Pulses import: Operations of Govt agencies were not monitored bl-premium-article-image

G. Chandrashekhar Updated - December 31, 2011 at 09:47 PM.

CAG report says faulty commercial operations benefited large traders

pulses

The Comptroller and Auditor General has castigated the Government — specifically the Union Ministry of Food, Consumer Affairs and Public Distribution — for the huge losses incurred by the Government agencies, such as State Trading Corporation, MMTC and PEC, in the import of pulses during the years 2006 to 2010.

The CAG report tabled a few days ago in Parliament clearly brings out the inefficiency and ineptness with which the public sector agencies handled the entire train of transactions — from pulses purchases overseas to physical imports and distribution in the domestic market.

The CAG found that the Government agencies incurred massive losses totalling Rs 1,200 crore because of faulty commercial operations.

no transparency

Importantly, the pulses import business of PSUs lacked accountability and transparency. Rather than advance consumer welfare, their working hurt consumer interest on most occasions, the CAG report remarked.

The damning findings come at a time when the PSUs have stopped importing pulses. But even as the wrongdoings were happening during 2008-2010, Business Line was the first, and perhaps the only, business daily to blow the whistle.

On January 22, 2009, we first reported Government agencies defaulting on pulses import contracts. On August 6, 2009, an article demanded that the ‘Government should monitor commodity trading by public sector companies'.

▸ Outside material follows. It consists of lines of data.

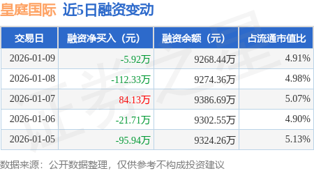 证券之星消息,1月9日,皇庭国际(000056)融资买入96.81万元,融资偿还102.73万元,融资净卖出5.92万元,融资余额9268.44万元。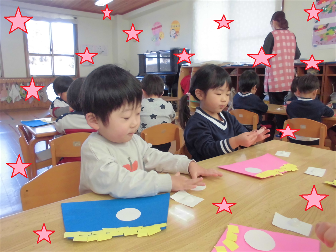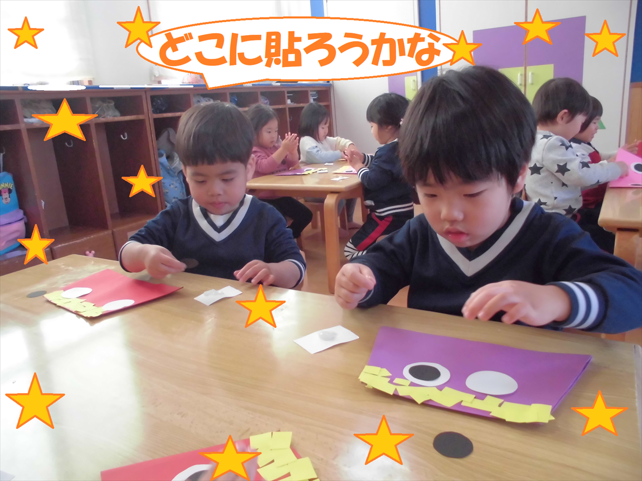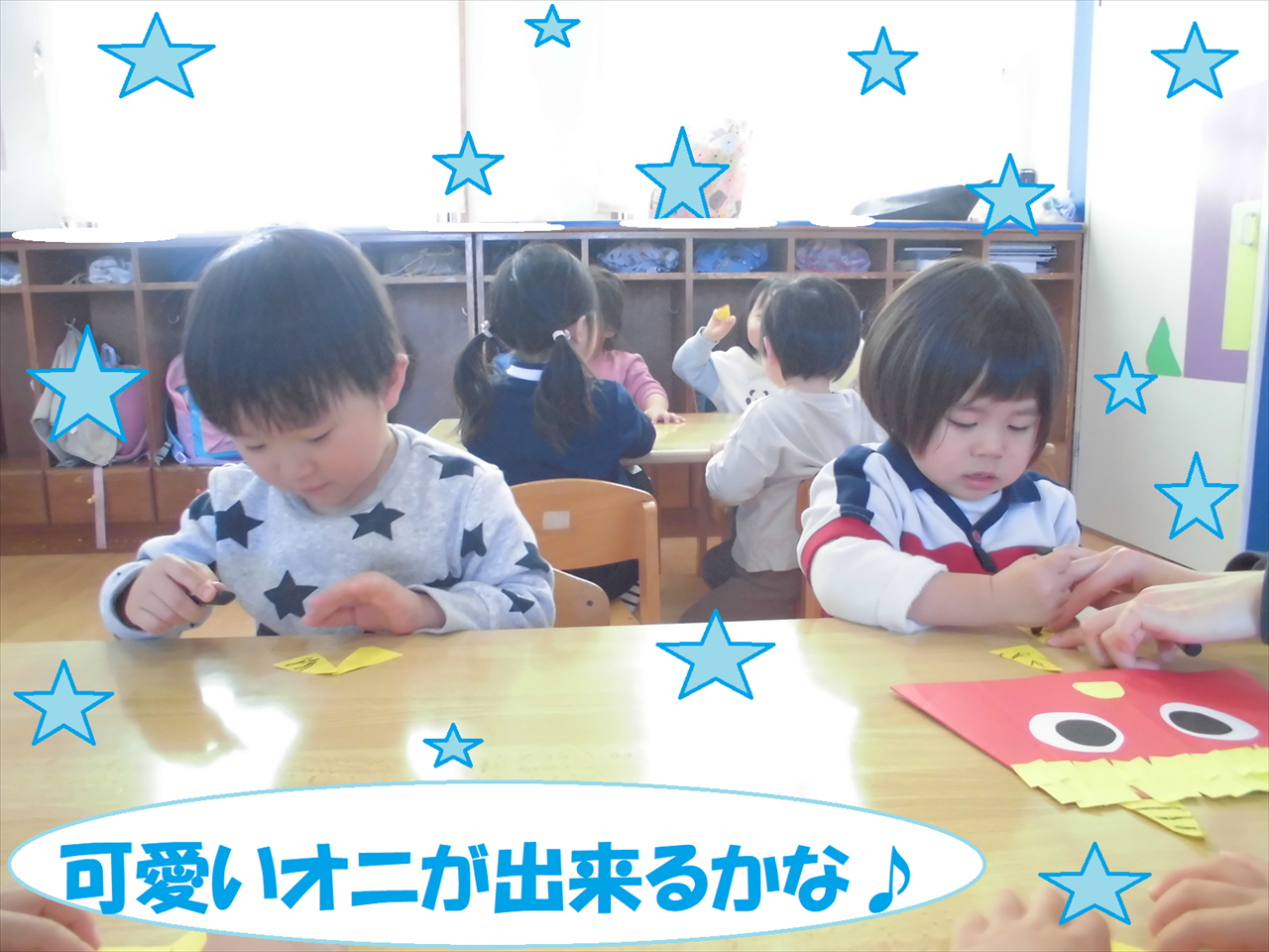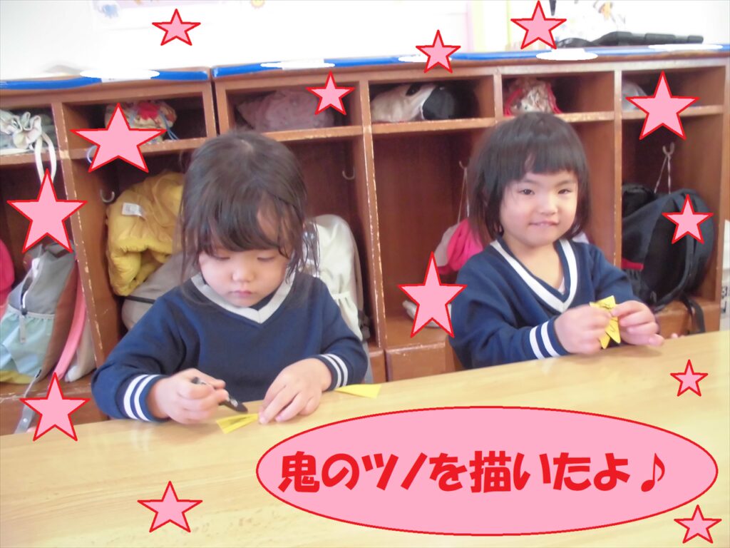 節分製作を行い、クレヨンやのりを使って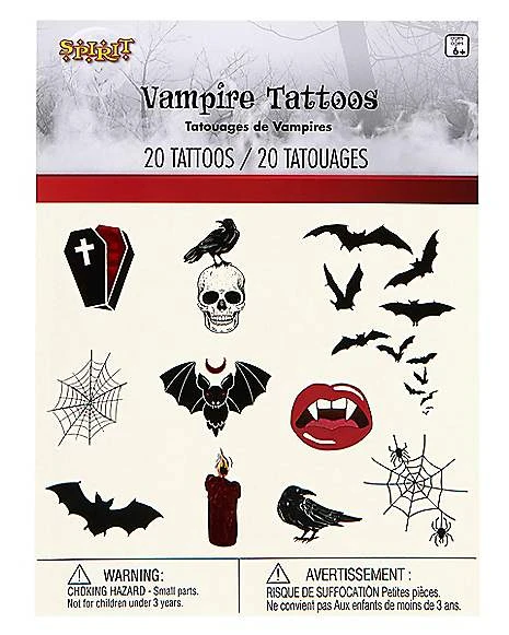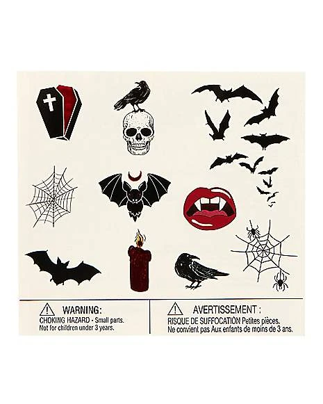 Add a fun element to your vampire look with these vampire temporary tattoos! These easy-to-use tattoos feature a variety of images, from a mouth with fangs to a coffin to a skull with a black bird on it, plus bats, a spider web, and a candle for lots of variety.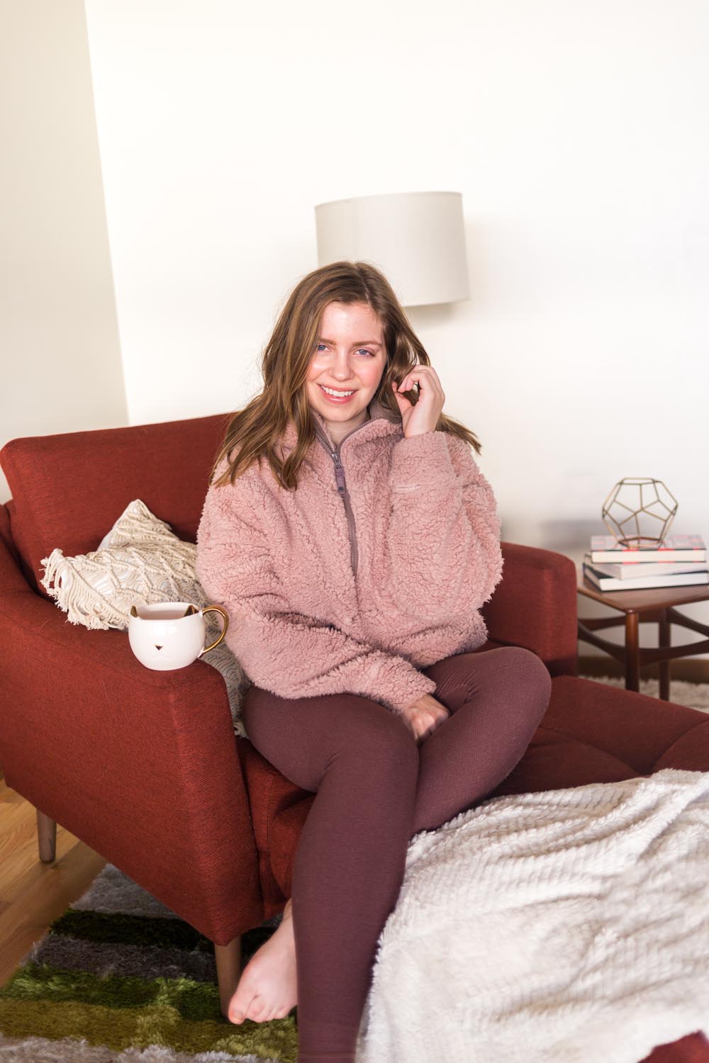 I love that there is a an actual word for the feeling of hygge! For me, that ultimate comfort zone is not achievable unless I have a thick fleece blanket wrapped around me while sitting on MY side of the couch. Honestly, I can’t sit anywhere else. I also love all things Sherpa, especially slippers. :)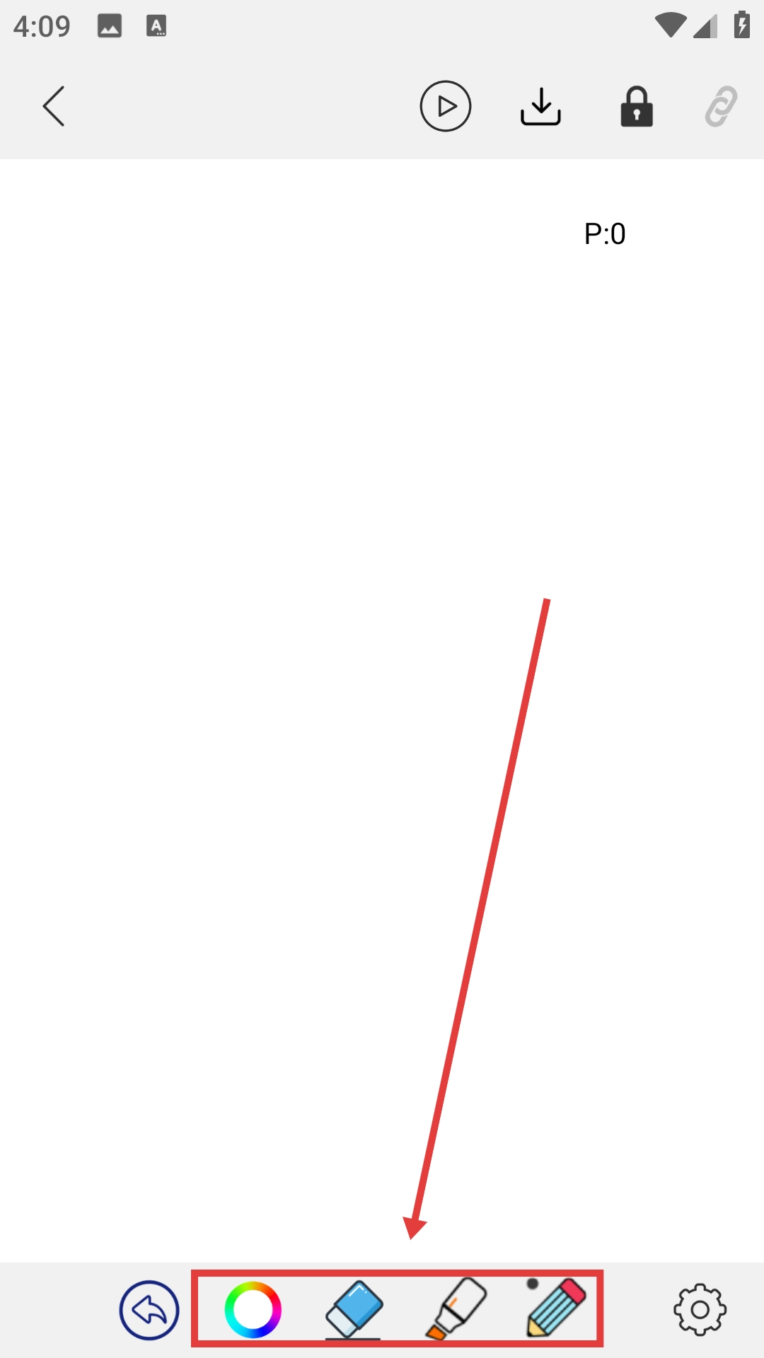 4、在绘画创作界面,可使用底部的颜色选择、橡皮擦、画笔等工具进行绘画创作。
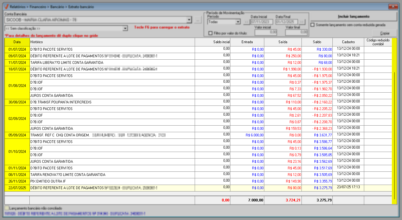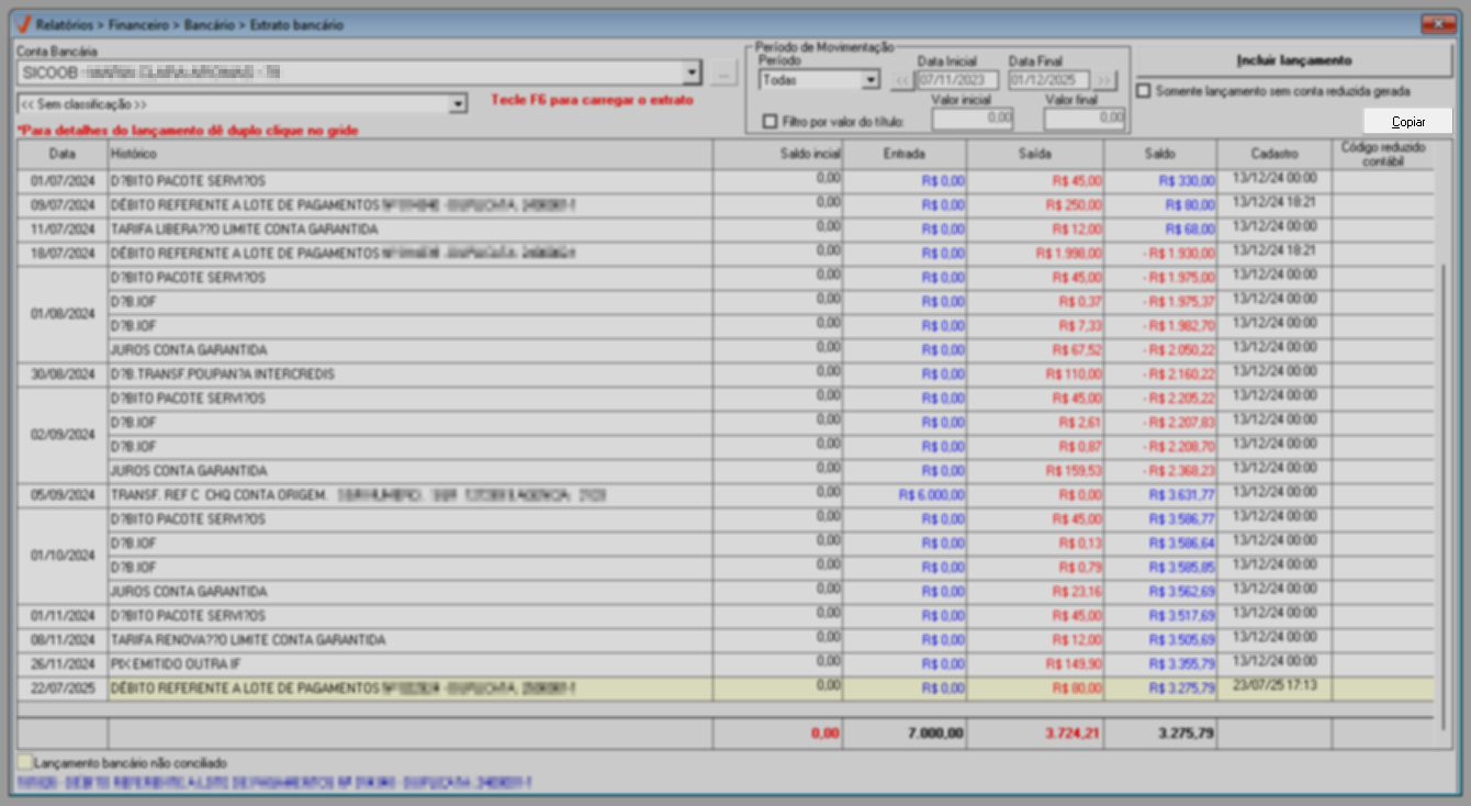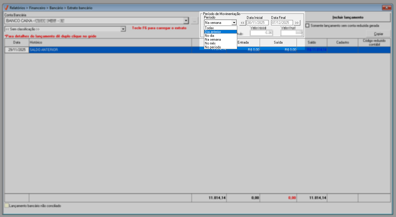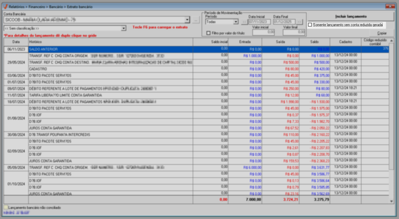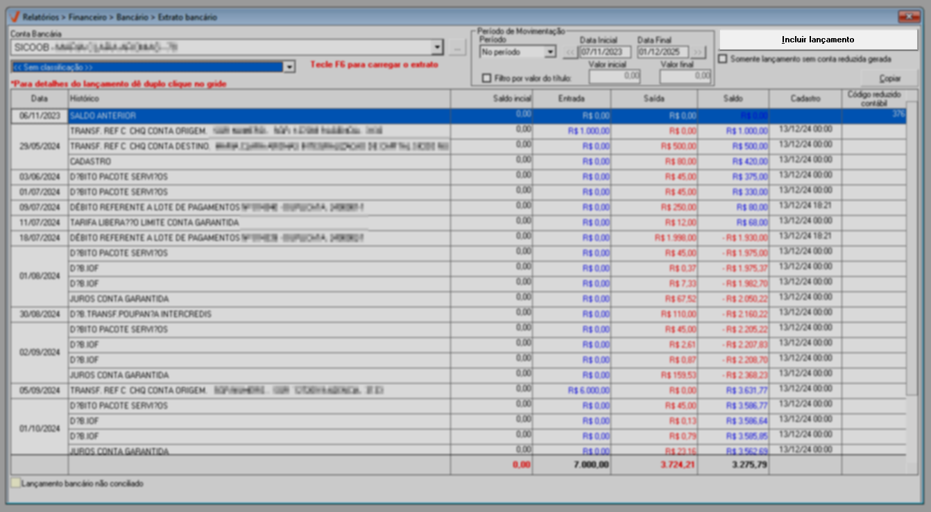 Após personalizar os filtros de interesse, tecle o atalho F6 para realizar a busca. Após, o sistema apresentará todos os lançamentos encontrados, ou seja, "Saldo inicial", "Entradas" (créditos), "Saídas" (débitos) e "Saldos" na seção abaixo: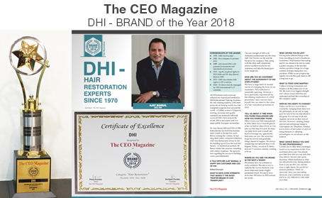 We take pride in sharing that DHI International has been awarded The Brand of the Year 2018 under the Hair Restoration category. DHI Medical Group is the world’s largest chain of hair transplant and restoration clinics, with a global presence across 74 clinics in 42 countries.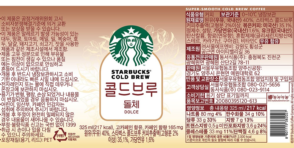 | 제품명 | STARBUCKS COLD BREW 콜드브루 돌체 | 식품의 유형 | 컨텐츠 참조 |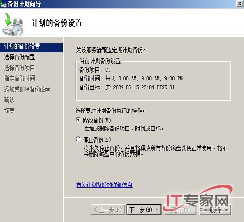依據向導進入“計劃的備份設置”界面,在該界面中有兩個單選按鈕,如果希望添加或刪除備份項目、時間或目標,只需選中“修改備份”單選按鈕。如果希望停止計劃備份的運行,單擊“停止備份”單選按鈕。需要說明的是,停止備份會將磁盤空間釋放以供常規使用,但存在其中的備份并不會被刪除,在進行數據恢復時依然可以使用。最后,根據向導完成備份計劃的創建。(圖7)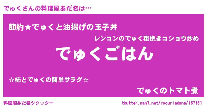 | ヘコむあだ名 | 『でゅにー』『つくし』『でゅお』 |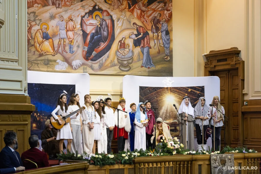 Παιδιά από ενορίες και σχολεία του Βουκουρεστίου έψαλαν κάλαντα και παρουσίασαν καλλιτεχνικές παραστάσεις με χριστουγεννιάτικα θέματα το απόγευμα της Παρασκευής, στην μεγάλη αίθουσα «Πατριάρχης Θεόκτιστος» του Πατριαρχικού Μεγάρου, παρουσία του Μακαριωτάτου Πατριάρχη Ρουμανίας κ.κ. Δανιήλ.

It urged the Government to define the role and scope of PSU's commercial activities.

Another article on May 8, 2010, again argued in favour of regulating State enterprises in pulses trade.

There were also a couple of editorial comments during 2008 to 2010 making out a case for enforcing operational guidelines for the PSUs in pulses import trade.

On August 21, 2009, an editorial titled ‘Weak Pulse' argued thus: “While imports through the private sector will continue, pubic sector enterprises will have to play a more proactive role in augmenting supplies.

India may need to import about 30 lakh tonnes of pulses in 2009-10. The public sector enterprises need a well-defined roadmap for purchases, inventory and marketing. A centralised planning cell would help them take trading decisions quickly and in a coordinated manner. Indeed, public sector enterprises have to discharge a social responsibility.”

law unto themselves

How faulty marketing policies benefited select large traders in the domestic market was brought out succinctly in the news articles. Of the four large traders named in the CAG report, one has already gone into liquidation. Another is said to be in deep financial mess.

The most unfortunate part of the pulses-import episode through PSUs was that no one monitored their operations, let alone regulate them.

In the international market, the Government agencies were a law unto themselves.

They floated tenders indiscriminately and withdrew them at will; they merrily reneged on contracts; imported inappropriate types of pulses at wrong times and often failed to dispose them of in the domestic market in time or marketed in a manner that advanced the interests of a handful of large traders.

While all these issues were brought out by Business Line during 2008, 2009 and 2010, policymakers in New Delhi did little to intervene or discipline the PSUs.

It is least surprising that the losses amounted to Rs 1,200 crore.

Everyone abdicated responsibility. It was surely possible to substantially reduce the losses with timely intervention by the Government; but no one cared.

The nation has suffered despite timely whistle-blowing.